Frisuren 2026: Drei Schnitte wirken jetzt veraltet – und diese Alternativen übernehmen
Mode & Stil
Frisuren 2026: Drei Schnitte wirken jetzt veraltet – und diese Alternativen übernehmen
Haarschnitte definieren Proportionen und beeinflussen maßgeblich, wie frisch oder gealtert Gesichtszüge wahrgenommen werden. Ungünstig gewählte Geometrien und schwere Schnittkanten können die Konturen nach unten ziehen, unabhängig vom tatsächlichen Alter der Trägerin.
Für 2026 zeichnet sich eine klare Abkehr von statischen, harten Formen ab. Gefragt sind Textur, weiche Übergänge und Schnitte, die dem Haar natürliche Dynamik verleihen.
Vom Pagenkopf zum Long Bob: Schluss mit kompakten Kanten
Der Pagenschnitt verliert an Modernität
Der klassische Pagenschnitt setzt auf eine strikte, kinn- oder ohrenlange Kante, oft kombiniert mit einem geraden, dichten Pony. Diese Silhouette wirkt schnell helmartig und betont die Schläfen- sowie Kieferpartie mit einer Härte, die das Gesicht streng und altbacken wirken lässt.

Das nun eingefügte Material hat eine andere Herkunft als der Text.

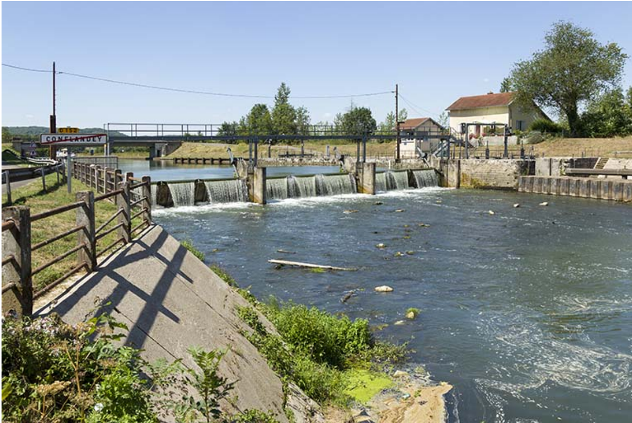
Barrage de Conflandey vu de la rive droite en aval.

Die Alternative: Long Bob mit Curtain Bangs
Ein schulterumspielender Long Bob bricht diese Strenge auf. Das Haar behält eine klare Struktur, fällt jedoch wesentlich lockerer und schmeichelt unterschiedlichsten Gesichtsformen, insbesondere bei leichter Wellenbewegung.
Wird dieser Schnitt mit weich auseinanderfallenden Curtain Bangs kombiniert, betont er die Wangenknochen. Stirn- und Schläfenpartien werden sanft umrahmt, ohne das Gesicht optisch zu verschließen.
Lange Haare ohne Dynamik: Das Problem gerader Längen
Schwere Längen ohne Stufung
Auf eine exakte Linie geschnittenes, langes Haar ohne jede Abstufung neigt dazu, platt am Oberkopf anzuliegen. Das ungebrochene Eigengewicht zieht die Haarmasse nach unten und verleiht dem Gesamtbild eine schwere, müde Ausstrahlung.
Die Alternative: Face-Framing Layers
Sanfte Stufen entlang der vorderen Konturen – sogenannte Face-Framing Layers – nehmen das optische Gewicht aus den Längen. Sie sorgen für gezielte Bewegung rund um die Kinnlinie und heben die Konturen sichtbar an.
Dieser Schnitt bewahrt die Grundlänge, verleiht dem Deckhaar jedoch Fülle. Das Gesicht wirkt dadurch definierter und gewinnt an Lebendigkeit.
Geometrische Asymmetrie weicht dem Schmetterlings-Schnitt
Der A-Linien-Schnitt wirkt überholt
Der in den frühen 2000er-Jahren etablierte A-Linien-Schnitt fällt im Nacken kurz aus und läuft nach vorne hin spitz zu. Diese diagonale Geometrie setzt sehr harte Akzente, die optisch altern und heute als stilistischer Rückgriff wahrgenommen werden.
Die Alternative: Der Schmetterlings-Schnitt
Der Butterfly Cut baut auf gestaffelten, fließenden Lagen auf, die bereits auf Wangenknochenhöhe ansetzen und bis in die Spitzen laufen. Diese Technik fächert das Haar auf und generiert ein federndes Volumen.
Durch die graduierte Abstufung entsteht ein natürlicher Lifting-Effekt, der die Gesichtsmitte öffnet und Bewegung in mittellanges sowie langes Haar bringt.